------ INFORMATION PROVIDED ------

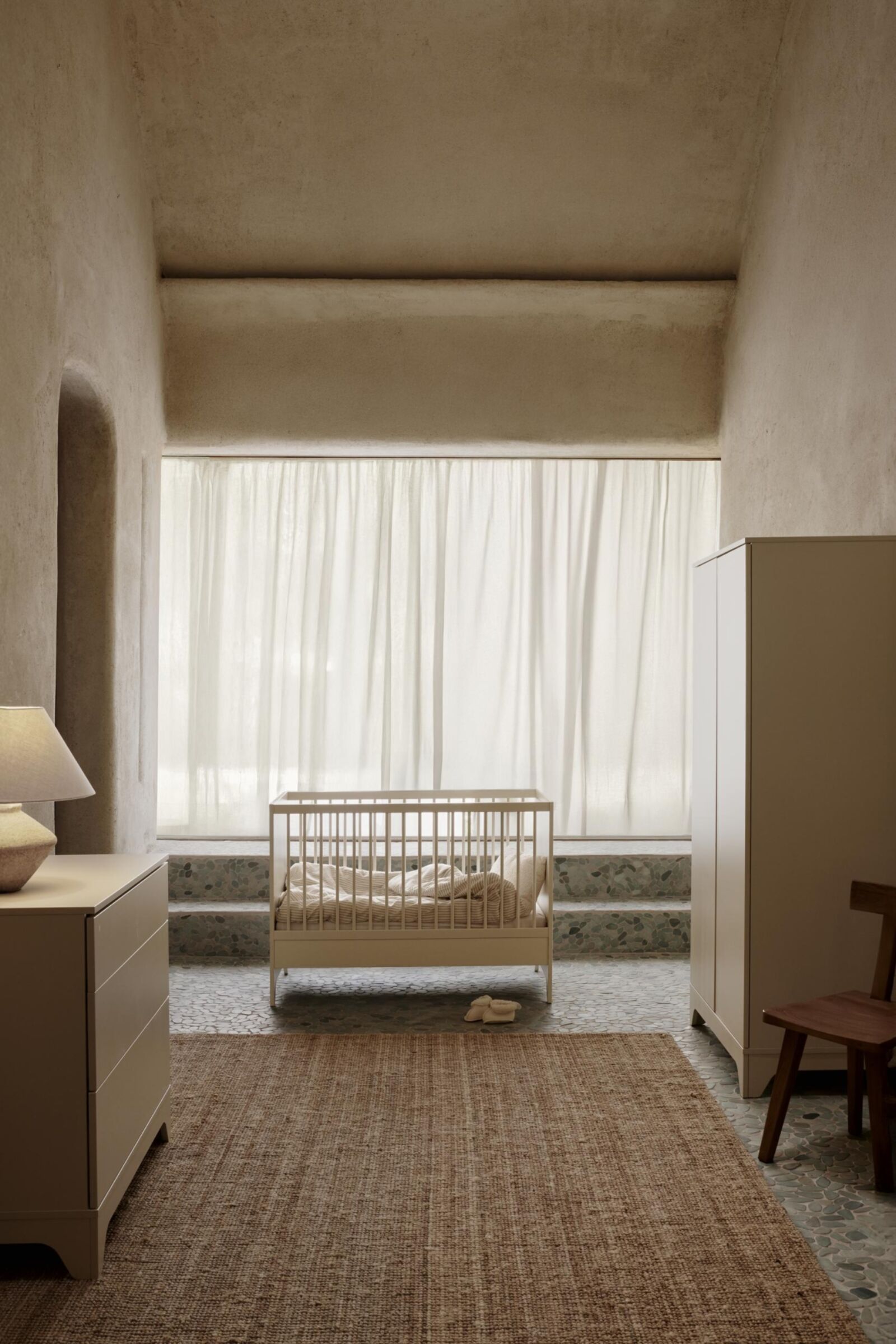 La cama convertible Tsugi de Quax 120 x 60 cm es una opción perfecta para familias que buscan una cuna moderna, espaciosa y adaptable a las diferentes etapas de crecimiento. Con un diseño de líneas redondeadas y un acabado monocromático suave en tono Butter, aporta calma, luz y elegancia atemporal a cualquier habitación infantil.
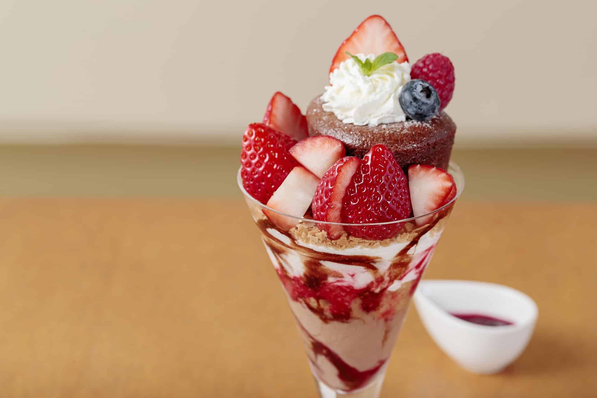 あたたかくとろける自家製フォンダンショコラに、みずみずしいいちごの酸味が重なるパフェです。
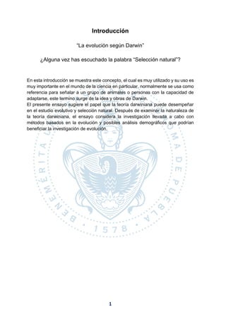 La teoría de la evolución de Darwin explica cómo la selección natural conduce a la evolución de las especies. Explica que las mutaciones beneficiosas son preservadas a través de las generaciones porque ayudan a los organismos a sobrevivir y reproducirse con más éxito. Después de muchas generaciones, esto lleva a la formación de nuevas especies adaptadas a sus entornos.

------

## EXERCISE DETAILS
A verbatim retyping of the listing, without any pictures, is the expected answer.

## ANSWER SPACE
 La cama convertible Tsugi de Quax 120 x 60 cm es una opción perfecta para familias que buscan una cuna moderna, espaciosa y adaptable a las diferentes etapas de crecimiento. Con un diseño de líneas redondeadas y un acabado monocromático suave en tono Butter, aporta calma, luz y elegancia atemporal a cualquier habitación infantil.
 あたたかくとろける自家製フォンダンショコラに、みずみずしいいちごの酸味が重なるパフェです。
 La teoría de la evolución de Darwin explica cómo la selección natural conduce a la evolución de las especies. Explica que las mutaciones beneficiosas son preservadas a través de las generaciones porque ayudan a los organismos a sobrevivir y reproducirse con más éxito. Después de muchas generaciones, esto lleva a la formación de nuevas especies adaptadas a sus entornos.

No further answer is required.